The Amateur Science of Love by Craig Sherborne

Writing is where you go to tell the truth, but it’s also a place of art. To reproduce what’s real simply isn’t good enough. From Hoi Polloi to Muck, this great memoirist has given us reason to embrace the blurred distinction between biography and fiction. It is unsurprising then that Sherborne has granted us a novel where its protagonist is writing his ‘testimony’ in secret from his wife for reasons he can only describe as a deep unhappiness. Yet this is no grievous account, but a trapeze act swinging between tragedy and farce.

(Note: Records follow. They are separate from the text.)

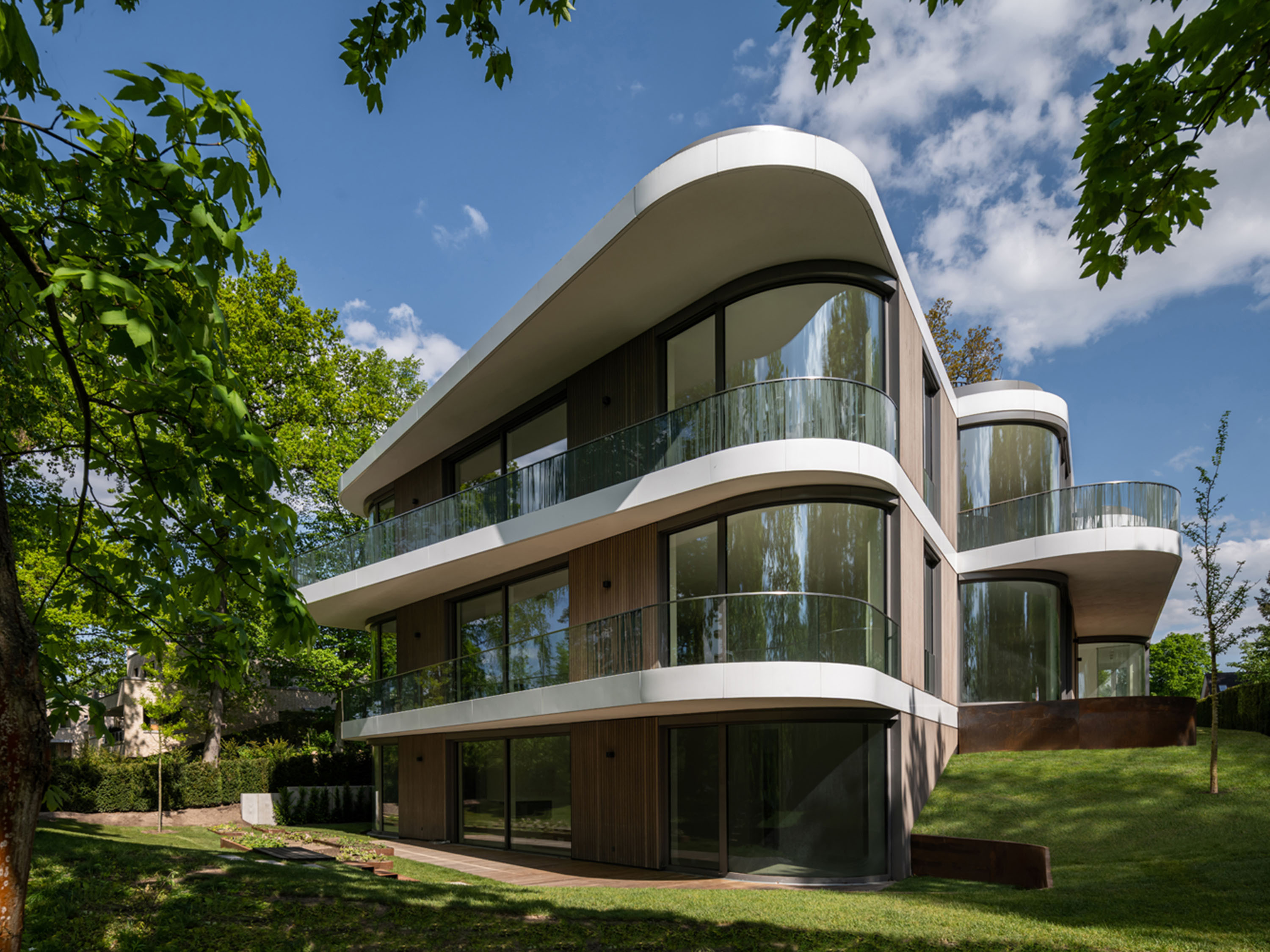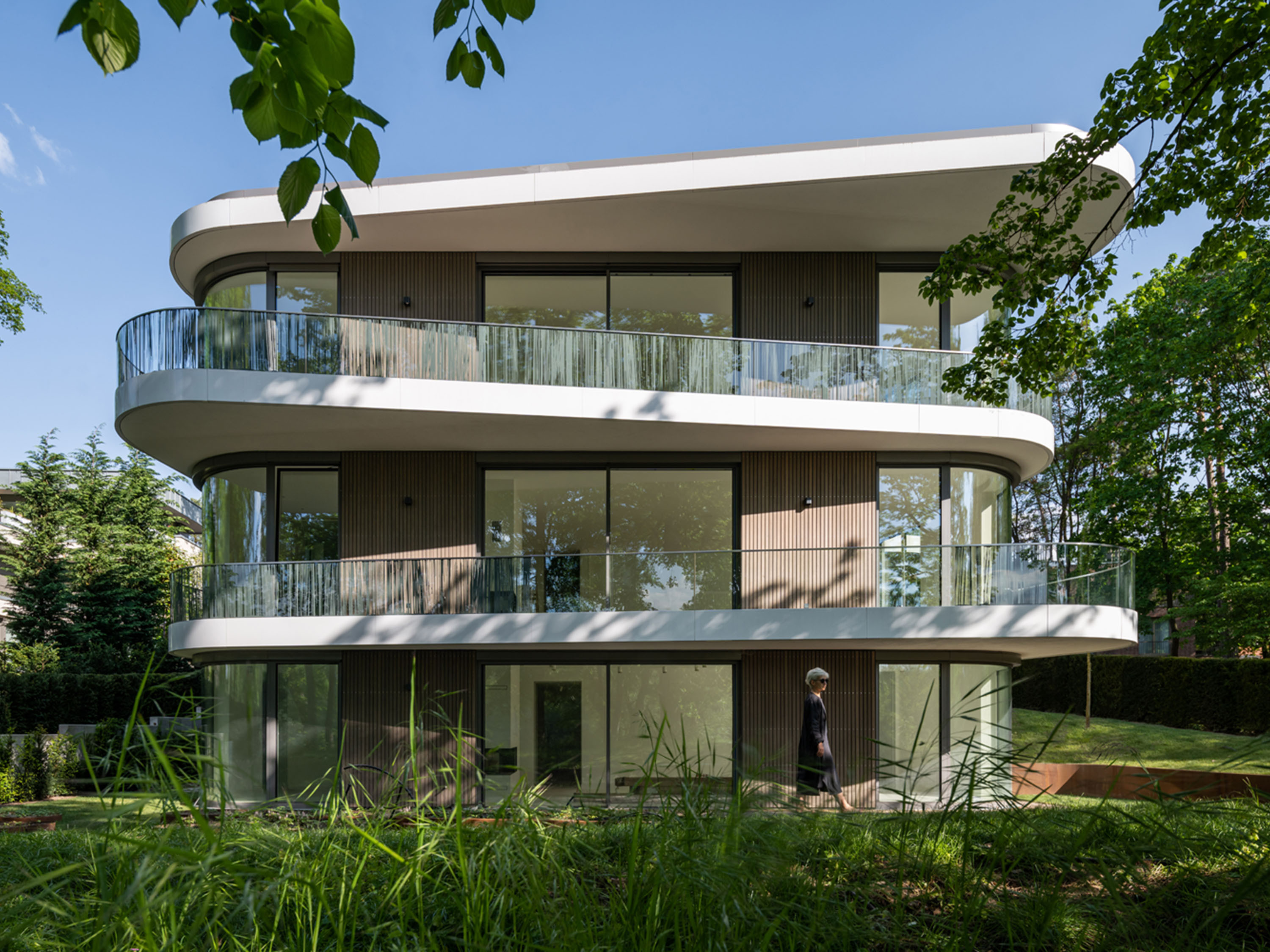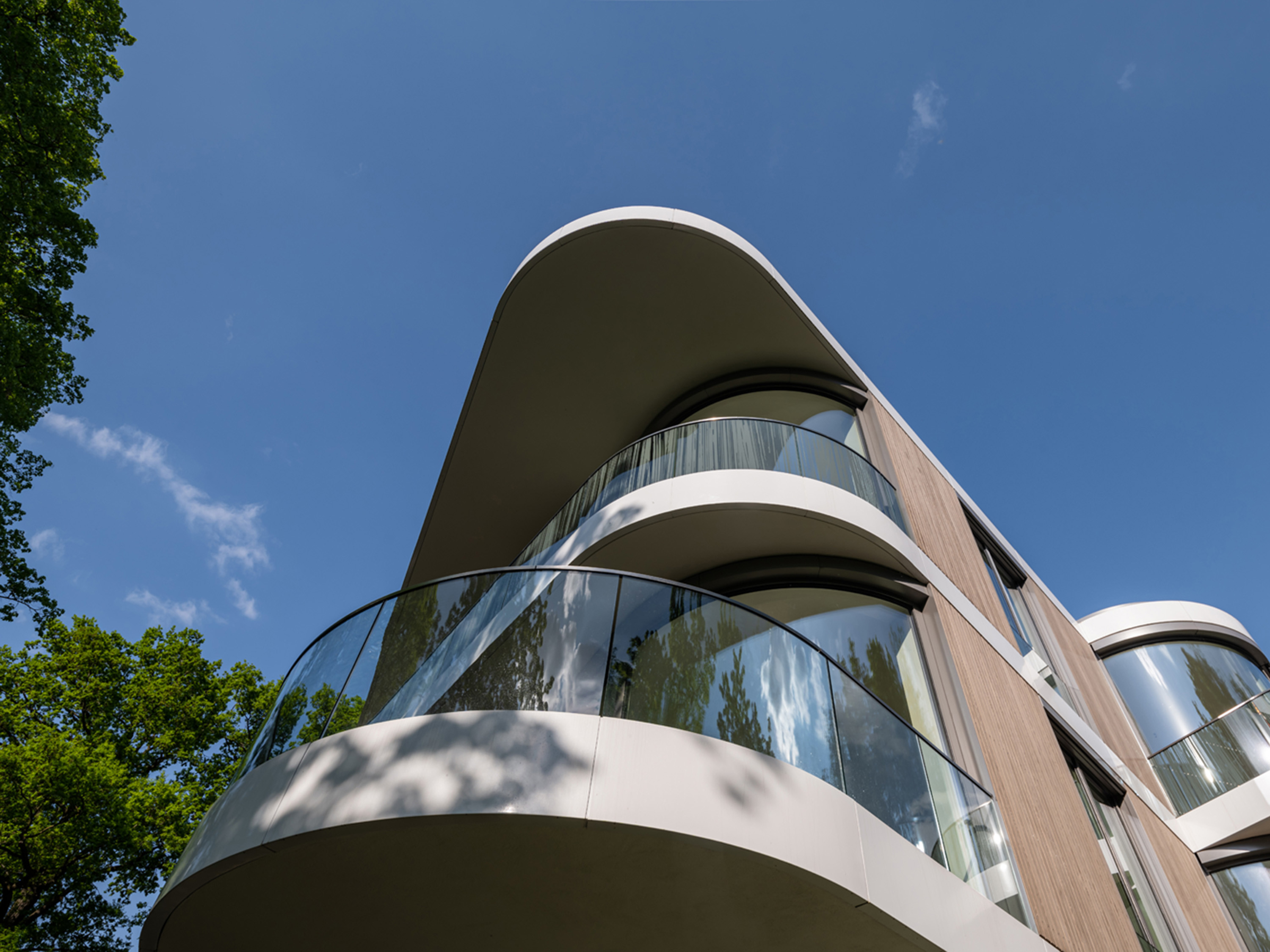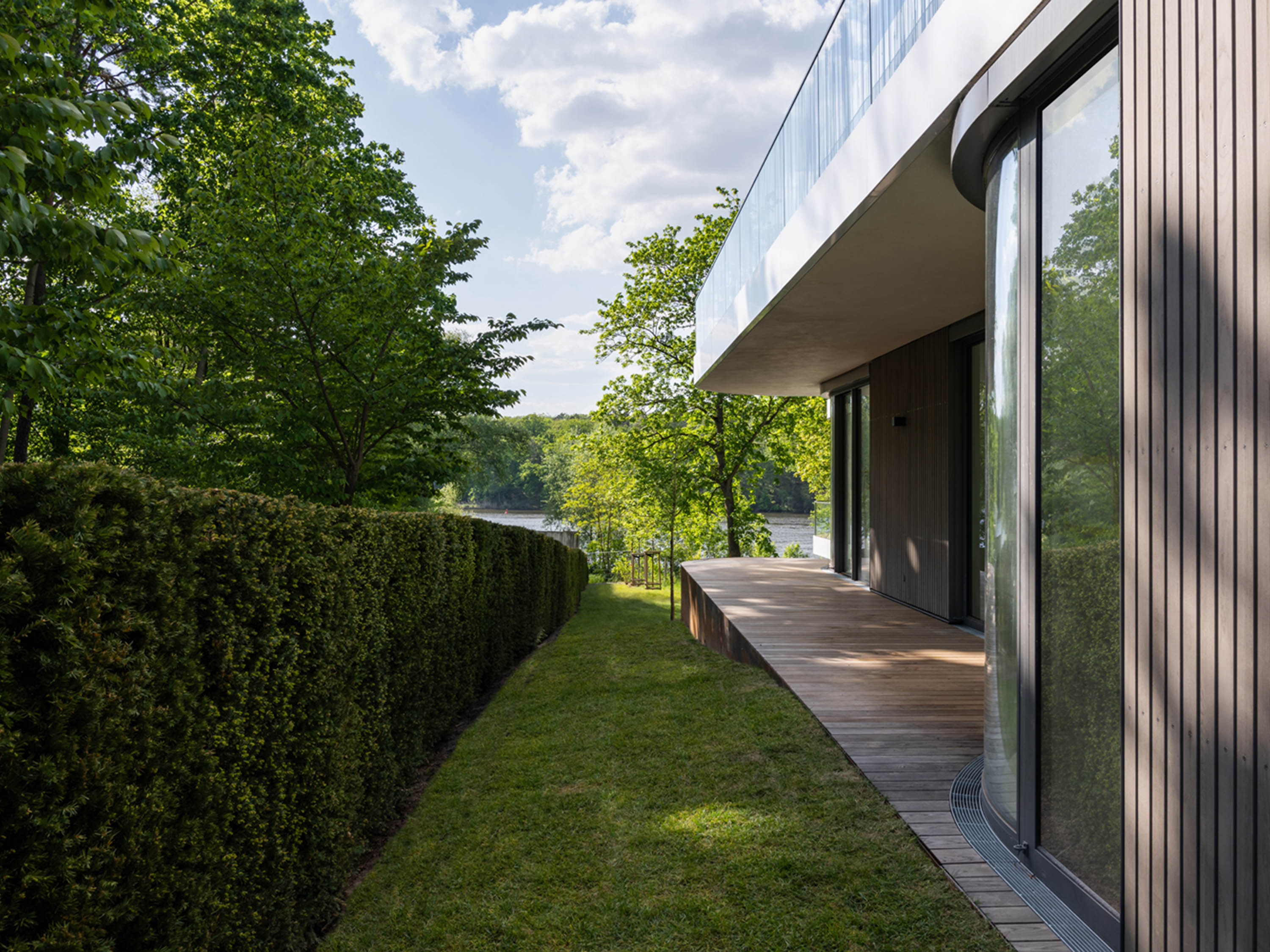 The building is volumetrically orientated to the geometry of the site and widens out in the direction of the riverbank. The shape of the building is stepped with sweeping curves that give the structure a visual structure. The height of the building and the arrangement of the storeys relate directly to the topography of the site, with its gradient towards the water.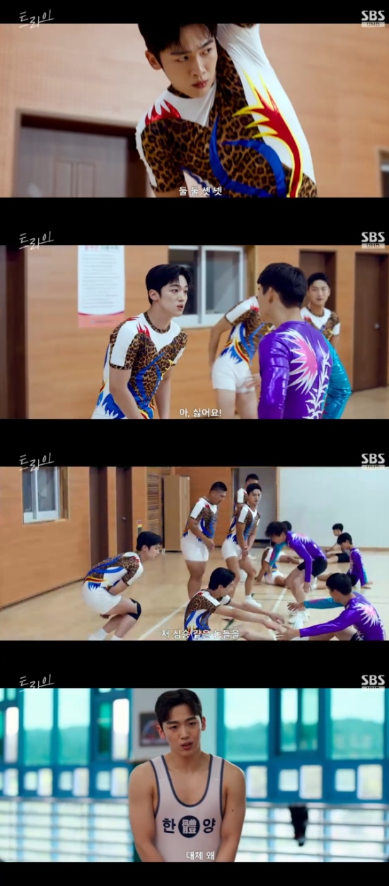 (엑스포츠뉴스 오수정 기자) '트라이'에서 김요한이 에어로빅 의상을 입고 등장했다.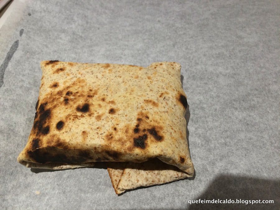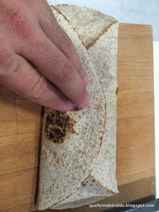 Dobalmos la tortita de arriba a abajo y de abajo arriba. Y de derecha a izquierda y de izquierda a derecha.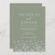 Elegant Sage Green Minimalist Boho Floral Wedding Invitation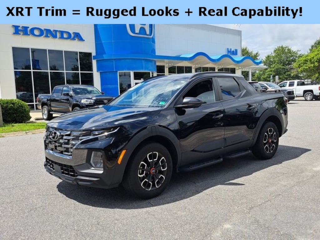CARFAX One-Owner. Clean CARFAX. Phantom Black 2024 Hyundai Santa Cruz XRT AWD Shiftronic 2.5L I4 We are currently offering Vehicle Purchase Home Delivery by appointment. Please contact for details., 18" x 7.5J Alloy Wheels, 3.316 Axle Ratio, 4-Wheel Disc Brakes, ABS brakes, Air Conditioning, Alloy wheels, AM/FM radio: SiriusXM, Apple CarPlay & Android Auto, Auto High-beam Headlights, Auto-dimming Rear-View mirror, Automatic temperature control, Bed Cargo Net, Bodyside moldings, Brake assist, Bumpers: body-color, Delay-off headlights, Dual front impact airbags, Electronic Stability Control, Emergency communication system: Bluelink+, Envelope Cargo Net, Exterior Parking Camera Rear, Four wheel independent suspension, Front anti-roll bar, Front dual zone A/C, Fully automatic headlights, H-Tex Leatherette Seating Surfaces, Heated Front Bucket Seats, Heated front seats, Leather Shift Knob, Leather steering wheel, Low tire pressure warning, Navigation System, Occupant sensing airbag, Option Group 01, Outside temperature display, Overhead console, Passenger door bin, Power door mirrors, Power driver seat, Power moonroof, Power steering, Power windows, Radio data system, Radio: AM/FM/HD Audio System, Rear step bumper, Rear window defroster, Remote keyless entry, Sliding Bed Divider, Speed control, Speed-sensing steering, Steering wheel mounted audio controls, Traction control, Turn signal indicator mirrors, Variably intermittent wipers.

Colin, a young Kiwi lad with ambition and swagger, escapes the Antipodes only to fall in love with an older Australian woman in London – Tilda. And so their European tryst sees them return home so giddy and drunk on themselves that they head to the Wimmera Plains with no other plan than to paint Van Gogh’s and have sex. Alas, the bite of bliss has sting in its tail and soon both are faced with the complexities of obligation and commitment. Simmering beneath are fizzled dreams and the sweet poison of desire.

What follows is an acute portrait of the collected wounds and humility in a relationship tested by age, illness and even deformity. Ideas about vanity and selfishness remain central to the book, and we are left wondering who of the two is more narcissistic. But this isn’t a question Colin seeks to answer. His story is more flawed as he decides who and what gains admission to this testimony. It’s apparent he is searching for a reason, an excuse, a meaning for love. Thus it’s an introspective novel, one that dives deep into the fissures of the soul, yet able to stop and laugh at the comedies of life.